Now, through interviews and documents including a three-paragraph news account, a death certificate, coroner and police reports and court testimony the Chauncey Bailey Project has uncovered a link between Kaufman's killing and Yusuf Ali Bey, the late founder of Your Black Muslim Bakery and a fiery preacher who touted the virtues of aggression and called his enemies "devils."
In response to queries from reporters with the project, investigators in the cold-hit unit of the Alameda District Attorney's Office are examining new evidence about Kaufman's killing, Chief Deputy District Attorney Nancy O'Malley said Tuesday.
Kaufman's death is now the seventh slaying tied to the controversial religious leader and his followers during a 40-year period in which no arrests have been made, according to police reports and other records.
Two weeks ago, also in response to Bailey Project inquiries, Santa Barbara police reopened an investigation of a 1968 double killing linked to a mosque there led by Yusuf Bey and his brother, Billy X Stephens, who later changed his name to Raab Muhammad and now lives in Oakland.
The bakery also has been implicated in an eighth killing, the Aug. 2 shooting death of Oakland Post Editor Chauncey Bailey, who was working on stories about the bakery when he was killed. A bakery handyman has been charged with murdering Bailey.
The Chauncey Bailey Project discovered the bakery link to the Kaufman slaying by examining a passage from a deposition in a 2003 lawsuit.
The lawsuit was filed against Bey, the bakery and Alameda County by a trio of women who'd been raised by the cleric and claimed he'd tormented and raped them while they were children.
Kaufman may have died for stumbling upon one of Yusuf's Bey dark secrets, according to the deposition.
Days before he was shot, Kaufman walked into a bakery bathroom and discovered Bey raping a young boy, according to one woman's testimony.
Within days, the man she identified in testimony only as Usman was "blasted" as he was "sitting in the passenger's seat" of a friend's van.
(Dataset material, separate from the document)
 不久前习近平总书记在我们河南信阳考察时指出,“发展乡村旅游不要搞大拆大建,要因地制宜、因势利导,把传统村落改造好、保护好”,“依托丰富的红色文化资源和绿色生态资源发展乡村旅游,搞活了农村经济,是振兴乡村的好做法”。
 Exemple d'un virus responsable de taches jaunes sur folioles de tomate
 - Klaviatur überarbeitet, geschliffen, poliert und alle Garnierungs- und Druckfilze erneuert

"I heard him say out of his own mouth "... that he walked into the restroom and saw Brother Bey sexually assaulting this young man," testified the woman, who is identified in transcripts only as Jane Doe 1 because she was a sexual abuse victim.
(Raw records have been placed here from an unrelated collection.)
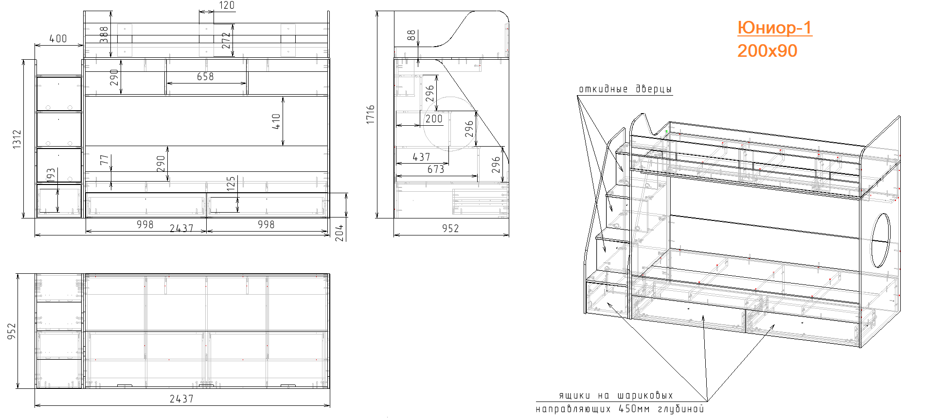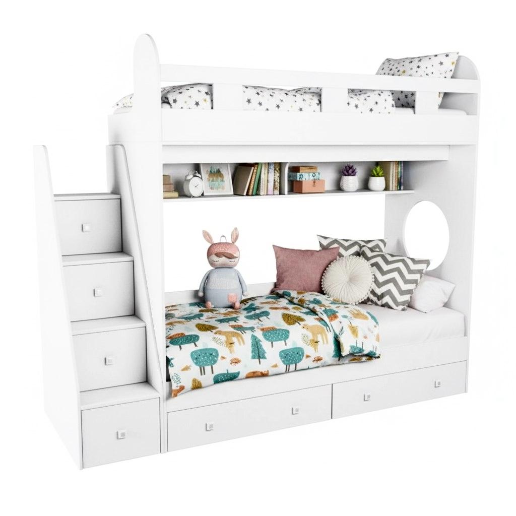 спальное место для двоих, навесная полка для книг и игрушек, вместительные выдвижные ящики под кроватью, а также безопасная лестница, обеспечивающая быстрый и удобный доступ на второй этаж.
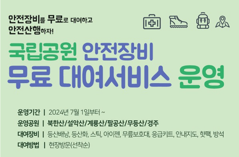 국립공원 안전장비 무료 대여안내
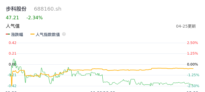 04月25日,步科股份收报47.21,股价涨幅-2.34%,成交金额7285.34万元,换手率1.82%。

Kaufman tried to intervene, asking the preacher what he was doing, according to Jane Doe 1.
She said Kaufman discussed Bey's attack with his co-workers, telling them, "I couldn't believe it. I couldn't believe what I seen with my own eyes," she testified. The baker "was killed days following that conversation." She testified that she heard Bey's son, Akbar Bey, who was 13 at the time, might have shot Kaufman.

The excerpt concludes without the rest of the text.